Here, I'll go first.
Do you think this challenge is a ridiculous waste of time? Or did you read it and think, Oh that seems a lovely notion!, and go on with your day? I was like both of you, once.
The first time I did this exercise, in my first year of Herbal studies, I went into my teacher’s garden and sat by this shrubby thing. It wasn't a tree, exactly- there was no trunk, just a collection of bendy stems maybe 8 feet tall. There had been flowers earlier, and berries too, but now it was just leaves and coolly green. I got comfortable on the lawn in front of it.
And I waited.
For anything.
I looked at its bark, the leaves, the ground it grew in.
I breathed, closed my eyes, opened them, lay down, sat straighter.
It felt absurd. I wasn’t having visions, or hearing voices. I was bored, and all I wanted to do was climb the silly thing. This flexible collection of overgrown branches looked so enticing I just wanted to crawl inside it and wrap myself around the stems. Which was of course unreasonable, it could never support me, so I trooped back inside with my classmates, annoyed.
And found out this shrub is Elderberry, literally the Elder of the garden, watching over everything. It has Grandmother energy, and I had wanted to give it a hug SO BAD that I almost cried.
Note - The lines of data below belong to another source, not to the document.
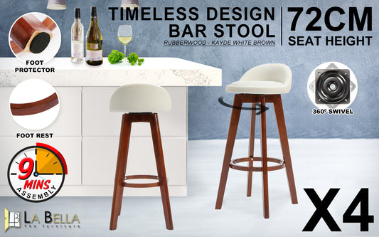La Bella 4 Set 72cm White Brown Wooden Bar Stool Kayde Leather
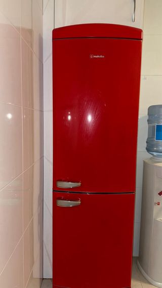 Vendo frigorífico combi Meireles color rojo estilo retro, con congelador inferior. Enfría y congela perfectamente. Diseño muy bonito con tiradores cromados. Se vende por cambio/mudanza. Recogida en mano
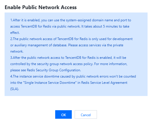 Akses jaringan publik akan merusak keamanan instans, dan ketersediaan layanan tidak dijamin oleh SLA. Oleh karena itu, sebaiknya akses Redis melalui jaringan publik hanya saat menguji, mengelola, atau membantu mengelola database. Di lingkungan produksi, akses Redis melalui jaringan pribadi.
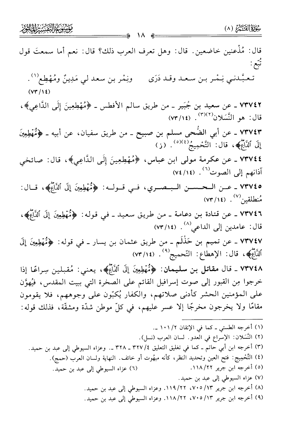 ٧٣٧٤٢ - عن سعيد بن جُبَير -من طريق سالم الأفطس- «مُهْطِعِينَ إلى الدّاعِي»، قال: هو النَّسَلان (¬٢) (¬٣). (١٤/ ٧٣)
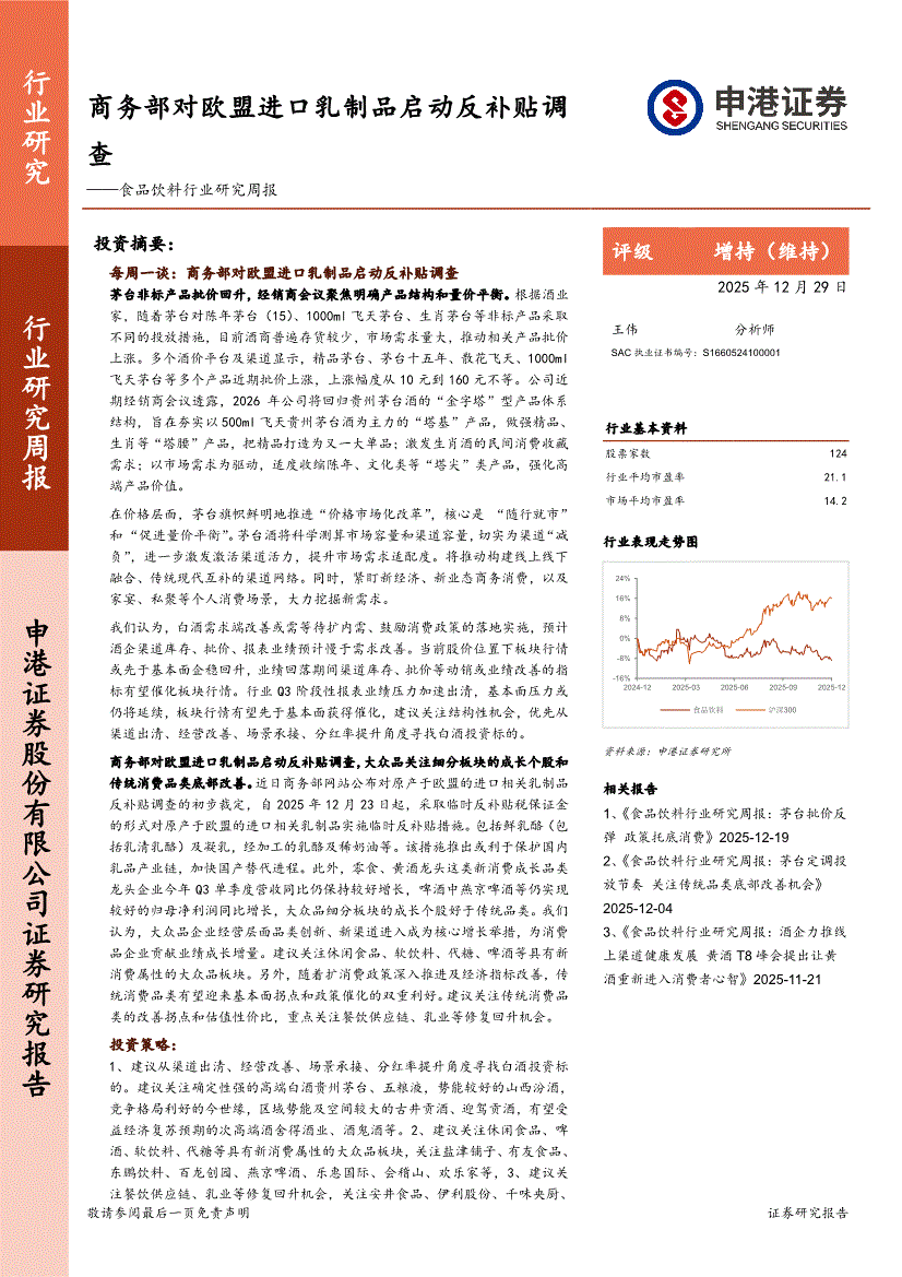 食品饮料行业:申港证券-食品饮料行业研究周报:商务部对欧盟进口乳制品启动反补贴调查-251229
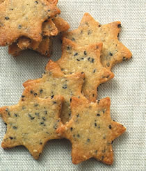 3.待冻硬后取出,用星型压模压出小片状,排放入烤盘中,入炉烤焙,以上火200℃、下火180℃,烤焙约20分钟,呈金黄色即可。

My own Grandmother had died tragically in a car accident only a few years before, my life was upside-down, and I had been feeling so alone and without the support that she would have given, in the form of a Dutch Apple cake and just saying nice things to me.
So when I challenge you to go sit with a plant, and you do it, don't "judge" or "assess" or "define" what happens. Because who knows what is happening?
This is how you begin forming connections, by not being in charge of the connecting. Let go, and see who or what introduces themselves, if you’re quiet enough to hear them.